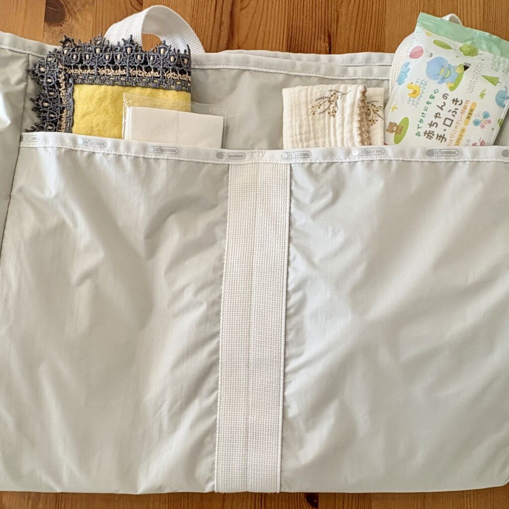 赤ちゃんとのおでかけはどうしても持ち物が増えてしまいますが、どんなに入れても元々のバッグが軽いのでそんなに重くならないのが嬉しい!
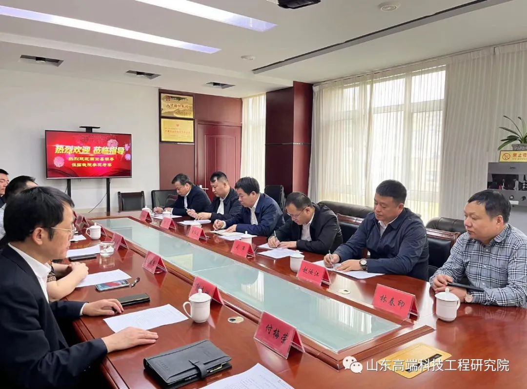 2023年4月13日,黑龙江省伊春市南岔县人民政府县长段红波,副县长司洋,发展和改革局局长赵汝江,办公室主任杨天,伊春林宝药业集团董事长林春和、林春印一行莅临山东高端科技工程研究院对接考察项目。山东高端科技工程研究院院长黄治中及相关业务部门工作人员陪同座谈。
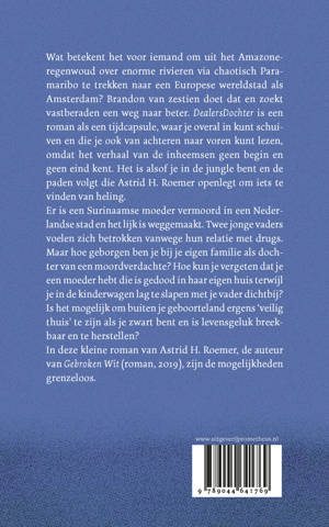 Wat betekent het voor iemand om uit het Amazoneregenwoud over enorme rivieren via chaotisch Paramaribo te trekken naar een Europese wereldstad als Amsterdam? Brandon van zestien doet dat en zoekt vastberaden een weg naar beter. DealersDochter is een roman als een tijdcapsule, waar je overal in kunt schuiven en die je ook van achteren naar voren kunt lezen, omdat het verhaal van de inheemsen geen begin en geen eind kent. Het is alsof je in de jungle bent en de paden volgt die Astrid H. Roemer openlegt om iets te vinden van heling. Er is een Surinaamse moeder vermoord in een Nederlandse stad en het lijk is weggemaakt. Twee jonge vaders voelen zich betrokken vanwege hun relatie met drugs. Maar hoe geborgen ben je bij je eigen familie als dochter van een moordverdachte? Hoe kun je vergeten dat je een moeder hebt die is gedood in haar eigen huis terwijl je in de kinderwagen lag te slapen met je vader dichtbij? Is het mogelijk om buiten je geboorteland ergens ‘veilig thuis’ te zijn als je zwart bent en is levensgeluk breekbaar en te herstellen? In deze kleine roman van Astrid H. Roemer, de auteur van Gebroken Wit (roman, 2019), zijn de mogelijkheden grenzeloos.
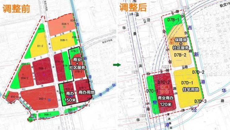 该地块原为商办C8性质用地,高度150米,调整后为商办商业混合用地(C2C8,C2>60%、C8≤40%),建筑高度降低至120米。
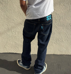 2000s Swagger Light Blue '$' Deep Indigo Wash Denim
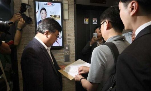 지난 18일 서울 여의도 국민의힘 중앙당사 현관 엘리베이터 앞에서 김건희 특검팀이 제시한 압수수색 영장을 국민의힘쪽 변호사가 읽고 있다. 윤운식 선임기자 yws@hani.co.kr |
--
- [Work to be completed]:
Copy the lines starting at the line that contains "该地块原为商办C8性质用地,高度150米" and running to the final line of the entries, inclusive; omit all pictures.

- [Solution for this task]:
 该地块原为商办C8性质用地,高度150米,调整后为商办商业混合用地(C2C8,C2>60%、C8≤40%),建筑高度降低至120米。
 2000s Swagger Light Blue '$' Deep Indigo Wash Denim
 지난 18일 서울 여의도 국민의힘 중앙당사 현관 엘리베이터 앞에서 김건희 특검팀이 제시한 압수수색 영장을 국민의힘쪽 변호사가 읽고 있다. 윤운식 선임기자 yws@hani.co.kr |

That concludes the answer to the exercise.